The Chinese Foreign Ministry justified the move by claiming the United States has been using the Chengdu consulate to meddle in China’s internal affairs, an obvious echo of the U.S. allegations that the Chinese consulate in Houston was a hub for espionage activity.

U.S. prosecutors also believe China is harboring a fugitive and possible espionage agent from American justice at its San Francisco consulate.

“Some of the personnel at the U.S. consulate in Chengdu engaged in activities inconsistent with their capacity. They interfered with China’s domestic affairs and harmed China’s national security interest. The Chinese side has lodged multiple representations. The U.S. know what they have done,” Foreign Ministry spokesman Wang Wenbin said Friday.

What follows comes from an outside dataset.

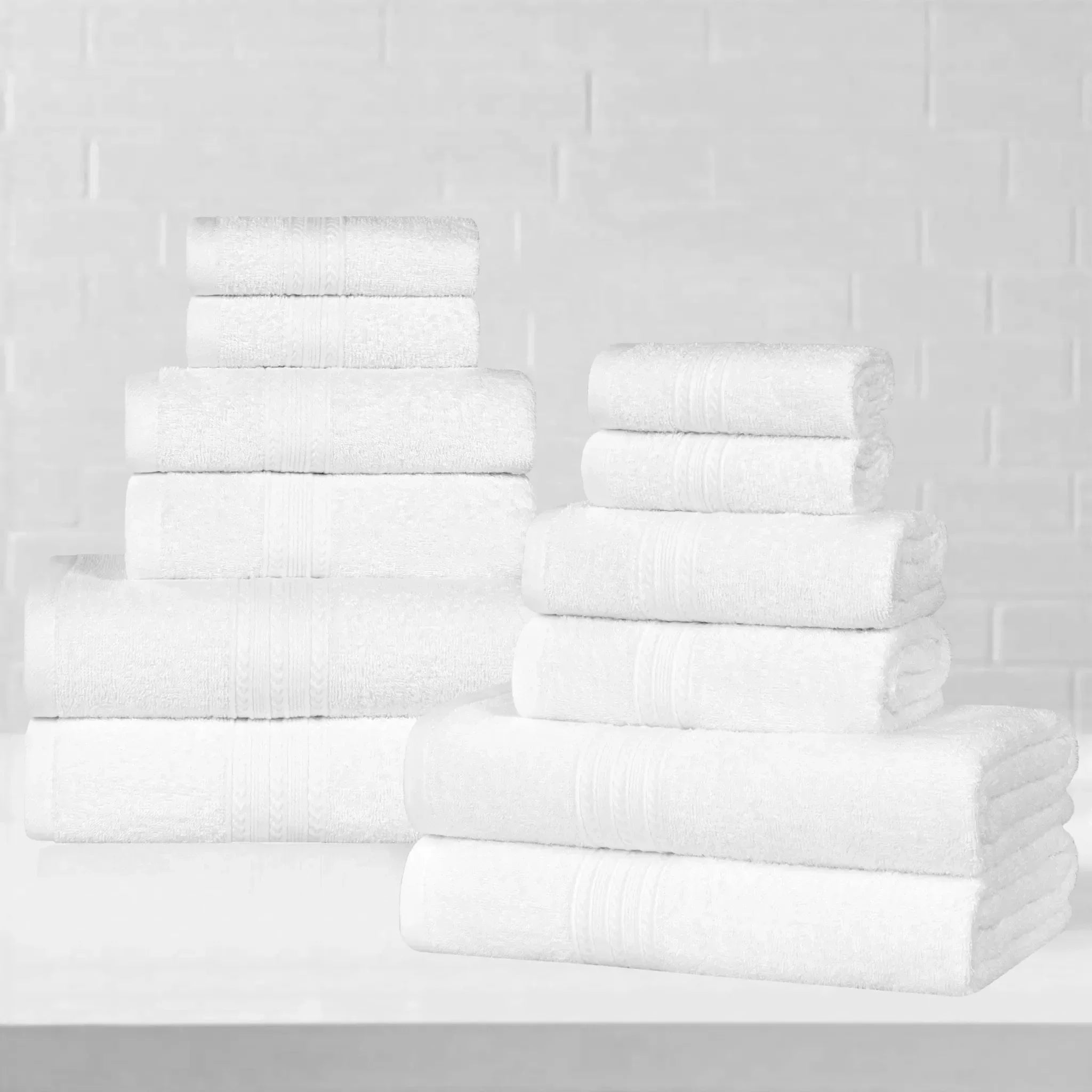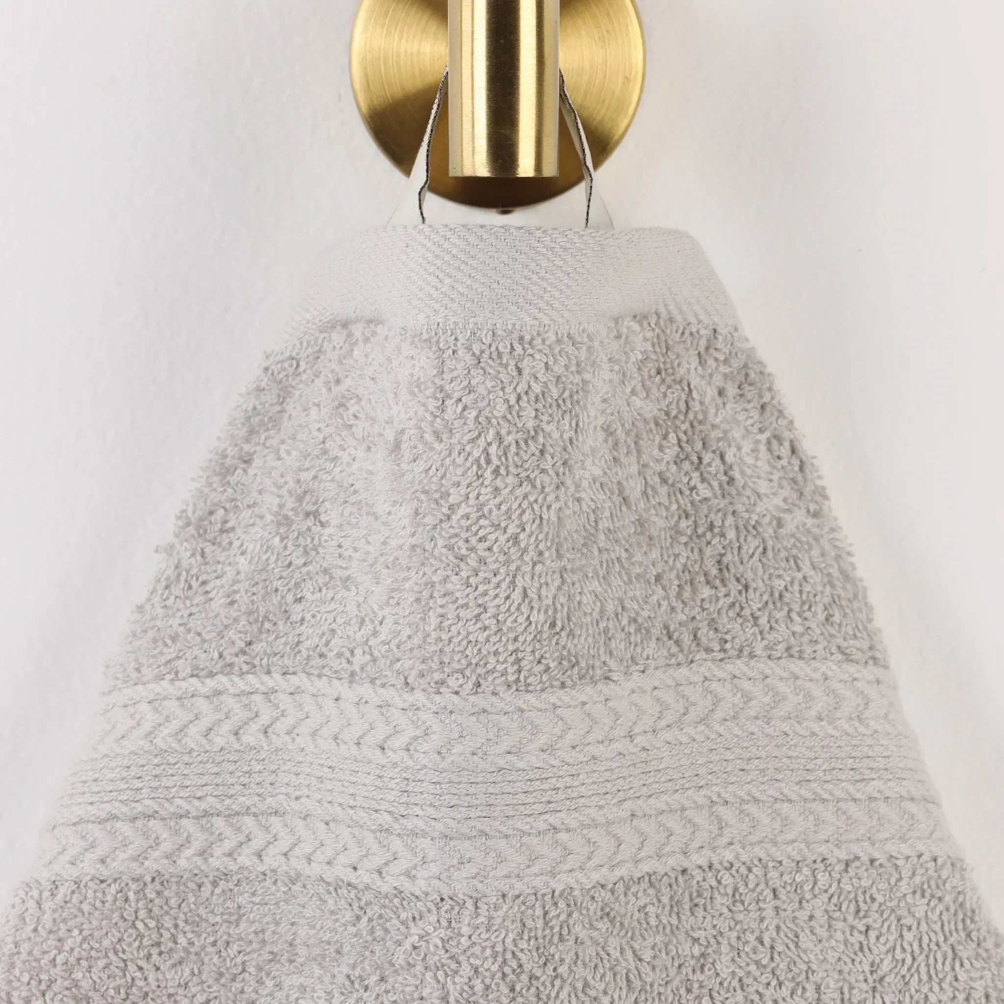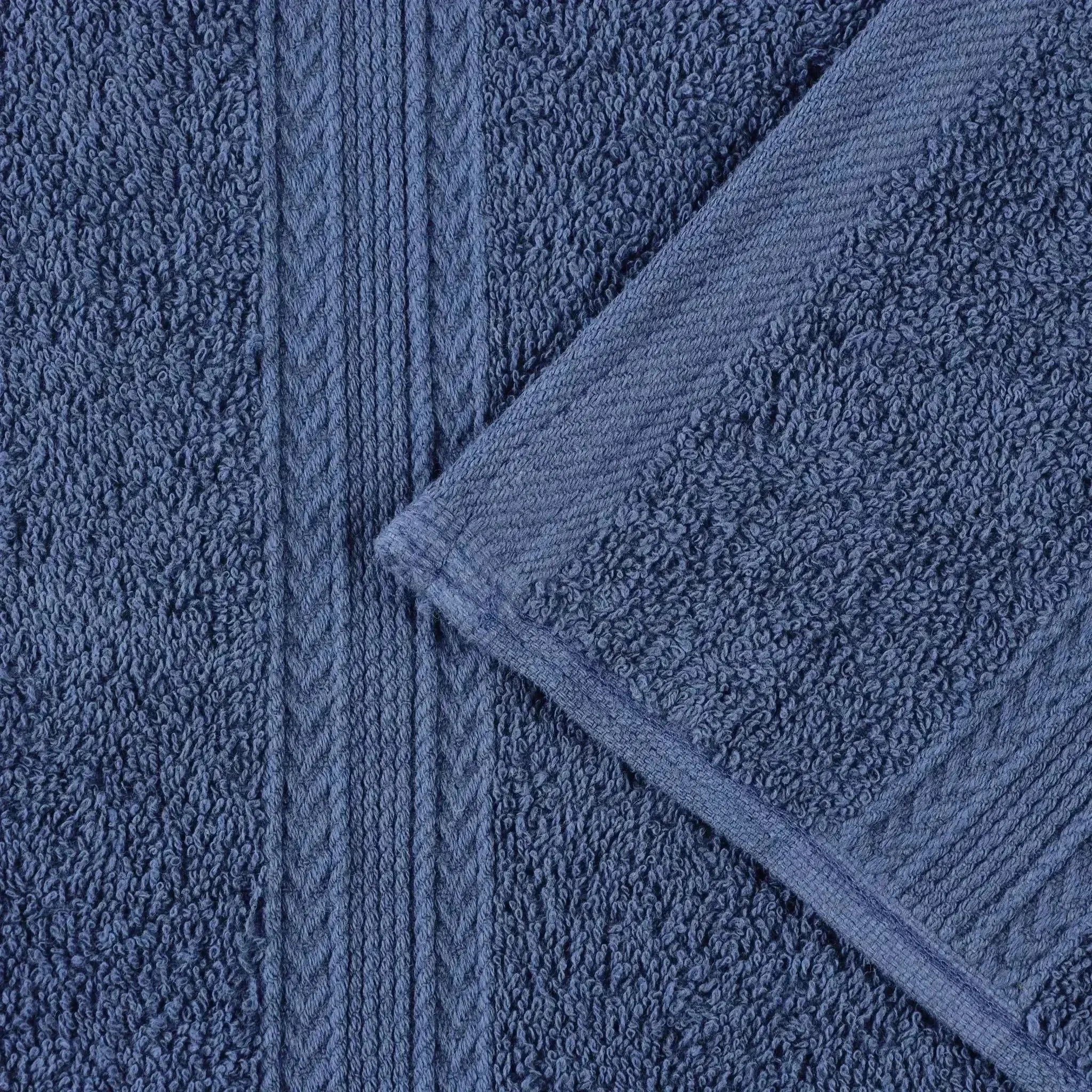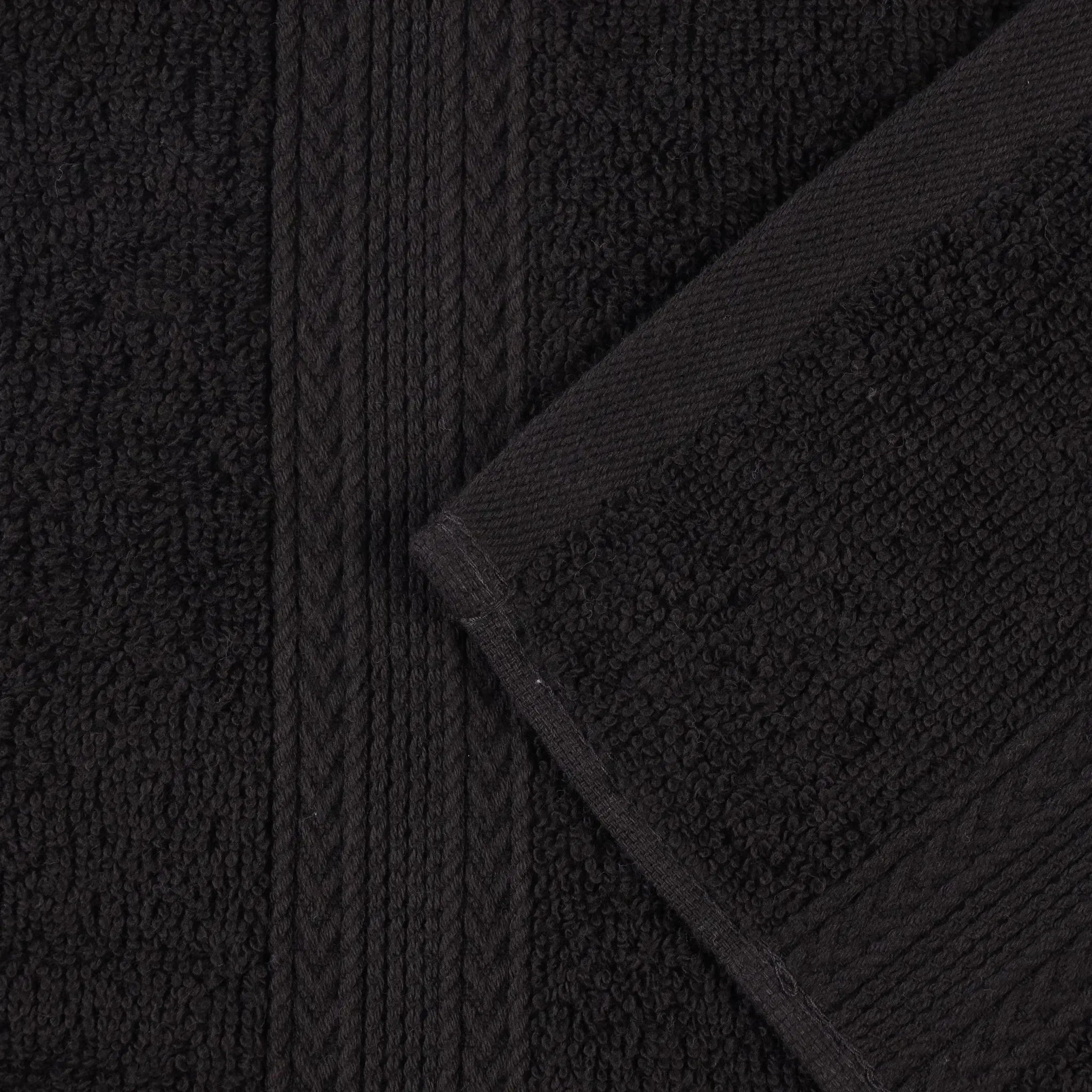 This is a set of bath towels made from 100% cotton. It comes in multiple sizes including large bath towels, medium hand towels, and small washcloths. The towels feature a decorative woven cable or herringbone pattern on the edges, adding both style and durability. They are available in a wide range of vibrant solid colors.

“The current situation in China-U.S. relations is not what China desires to see, and the U.S. is responsible for all this. We once again urge the U.S. to immediately retract its wrong decision and create necessary conditions for bringing the bilateral relationship back on track,” a Foreign Ministry statement said.

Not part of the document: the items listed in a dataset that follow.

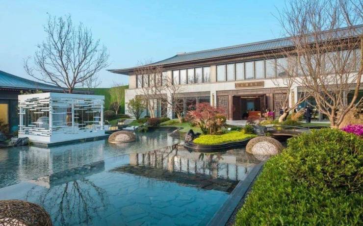 项目打造约4万方新中式园林,仿照江南名园寄畅园设计,包含梯田叠水、中央草坪等景观
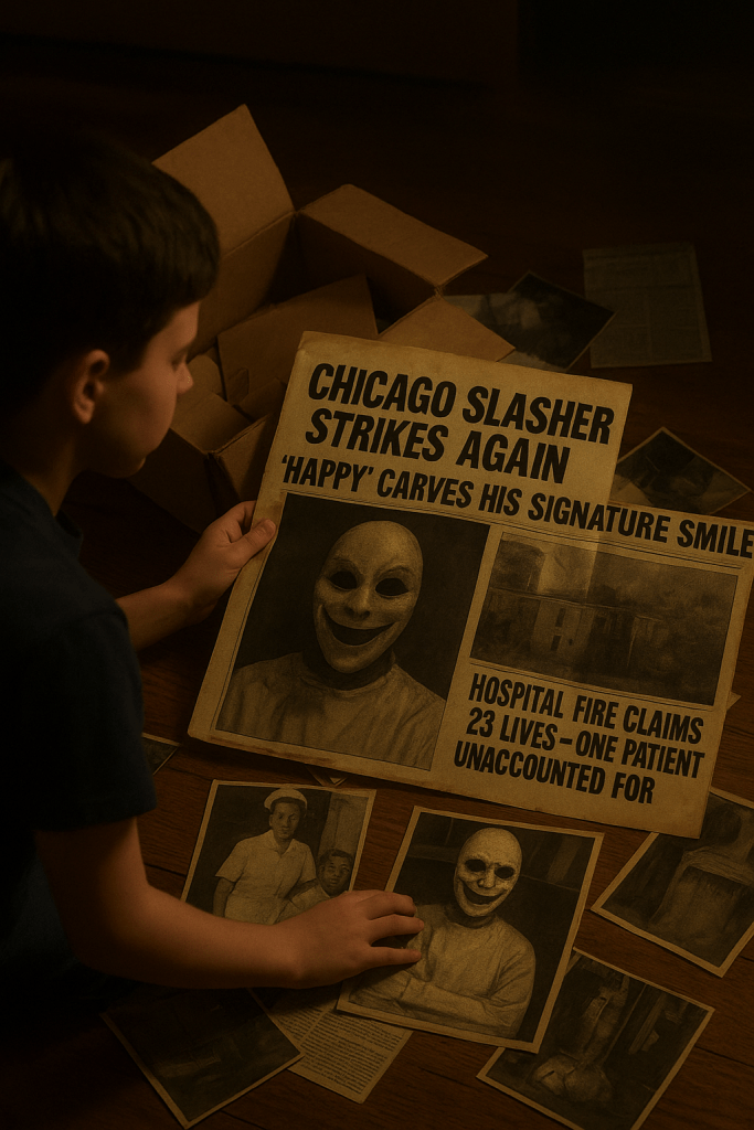“They call him ‘Happy’. And this guy is wearing the mask in all of those photos. He killed your grandmother, and he’s definitely after you, but why?” Joanne asked Eddie as he just stared at the newspaper giving him a name, and that a fire killed people years ago, and that only one patient was never found.
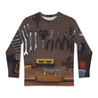 Stay out of sight and out of mind with this matching long-sleeve tee shirt, pajama pants, and can coolie set for everyday DIYers. Custom “Tinkerer” camo pattern keeps you hidden in classic garages filled with essential tools, adhesives and hardware.

Retaliation from China for the Houston consulate shutdown was widely expected, and the smart money was on Chengdu, which is just significant enough for its loss to be meaningful, but not catastrophic. The Chengdu facility has also been something of an irritant to the Chinese Communist Party (CCP) because it gave U.S. diplomats access to the worst scenes of Chinese oppression and brutality, including Tibet and Xinjiang province.

“Observers said closing down the Chengdu outpost was a carefully calculated decision to ensure there was retaliation against the U.S., but to avoid the tensions getting out of control by not targeting U.S. missions in other key cities, such as Guangzhou, Shanghai, and Hong Kong,” the South China Morning Post (SCMP) reported.

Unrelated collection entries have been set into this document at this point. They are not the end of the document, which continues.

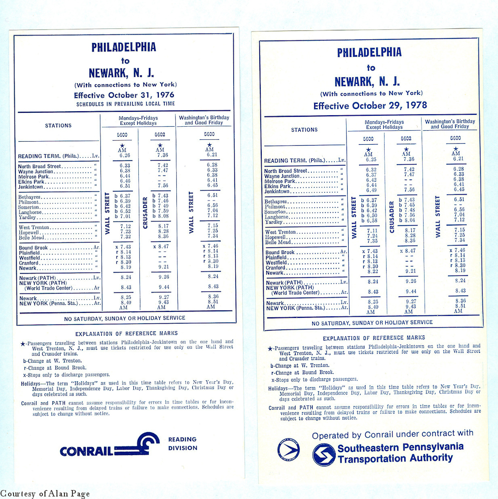Following the joint Reading Railway System/Central RR Co. of NJ's transition to Conrail-contracted operations on their Reading Division/NJ Division commuter lines in April, 1976, the "Newark to Philadelphia" timetable was initially revised May 23, 1976 to show the new "ConRail" logo, with lines above and below.
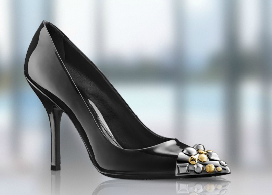 Salón de piel de becerro de charol, de 9"50cm de tacón, incorpora una llamativa puntera de metal decorada con remaches Louis Vuitton en diferentes formas, tamaños y colores. (905? aprox.)
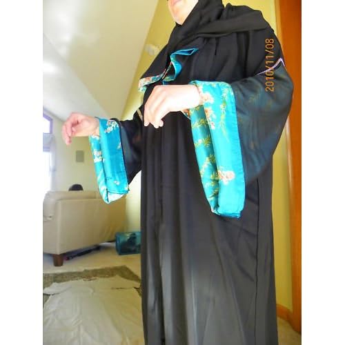 Size 50 Bust 40" Length 48" Traditional black abaya closes with snaps. beautiful Japanese style sleeves with diamond around the arm. Fabric is soft and comfortable soft polyester. Comes with oblong matching scarf This is a loose fitting and intended to be worn over clothing. Please check my store I have a lot of new abayas and thobes, perfumes and much more. my store
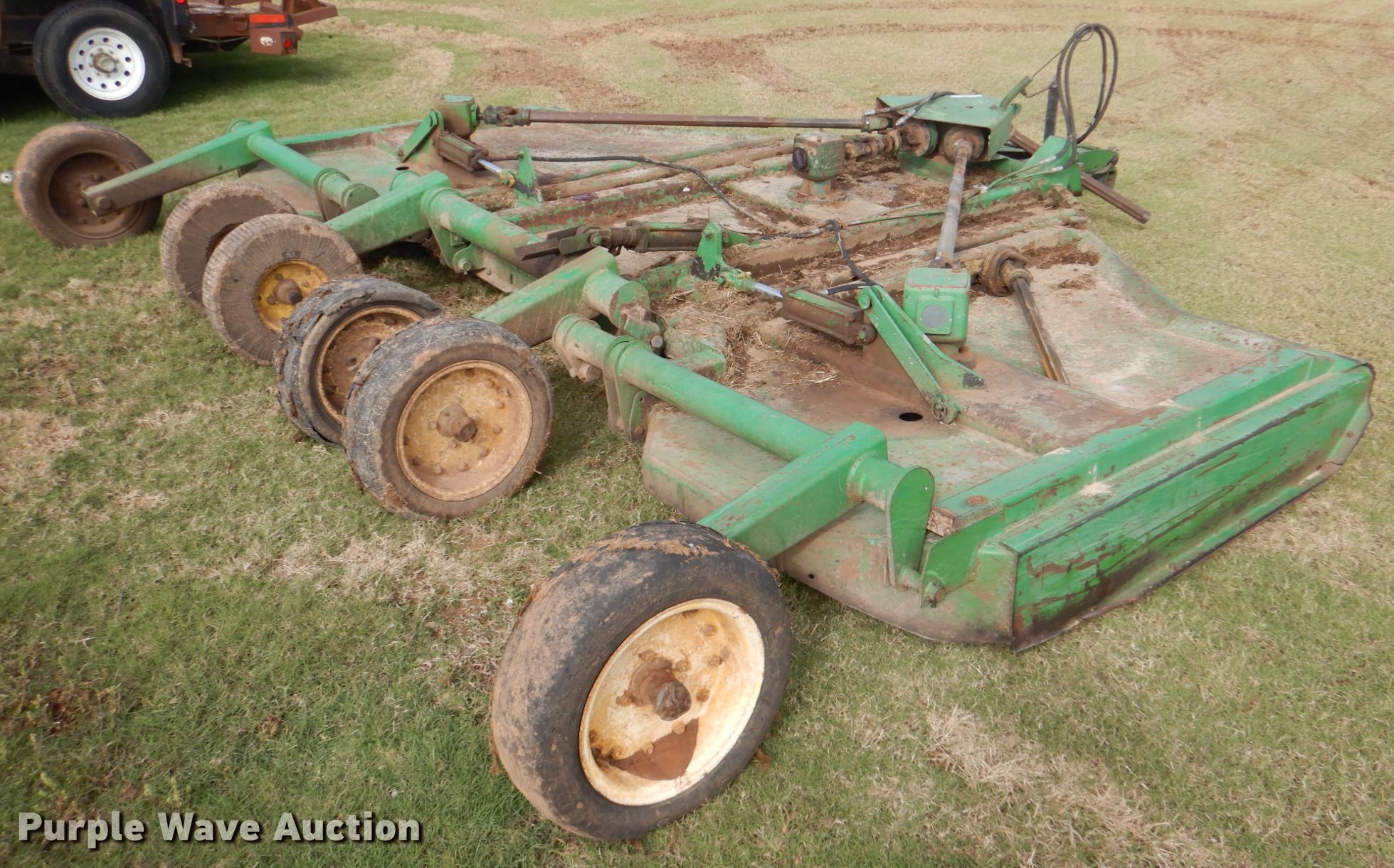Purple Wave is selling a used Mower, Cutter, Shredder in Oklahoma. This item is a John Deere 1518 batwing rotary mower with the following: Width: 15', Hydraulic fold, PTO: 1000

The SCMP noted the U.S. has four other consulates in China, plus consulates general in Hong Kong and Macao, and has long been attempting to establish a consulate in Lhasa, the capital of Tibet.

Chinese analysts told the SCMP Chengdu was chosen to demonstrate China’s “restraint” and suggested the decision might be reversed if the U.S. changes its mind about closing the Houston consulate. Chinese state media said the American staff at Chengdu was given 72 hours to evacuate, the same window afforded to the Chinese staff in Houston.

Chinese Communist Party media universally repeated the line that America had no good reason to close the Houston consulate, denied it was orchestrating any improper activity from the Houston facility, and accused the Trump administration of irresponsibly escalating the diplomatic conflict to goose his flagging poll numbers.

“The U.S. is unlikely to make further provocations to close more Chinese diplomatic missions. Choosing the consulate in Houston could help the Trump administration distract the public’s attention of the worsening epidemic situation in Texas, a traditional ‘red state,’ which the Republican party can’t afford to lose,” a Beijing academic said to the state-run Global Times.

Another Global Times piece quoted more Chinese academics expounding on theories that the Chengdu consulate was a headquarters for “intelligence-gathering” activities by the United States:

Li Haidong, a professor at the Institute of International Relations under the China Foreign Affairs University, told the Global Times on Friday that the US consulate in Chengdu covered affairs in China’s Tibet and many ethnic regions in Southwest China, meaning it played a significant strategic role for the U.S. in China.

[…]

Li said, “In recent years, the consulate in Chengdu has been collecting intelligence in Tibet and other areas of Southwest China, and has produced misinformation to demonize China’s governance in Tibet. If the U.S., just as U.S. Secretary of State Mike Pompeo said, intends to increase its input in China and support a color revolution, the consulate in Chengdu could create a lot of problems for China.” 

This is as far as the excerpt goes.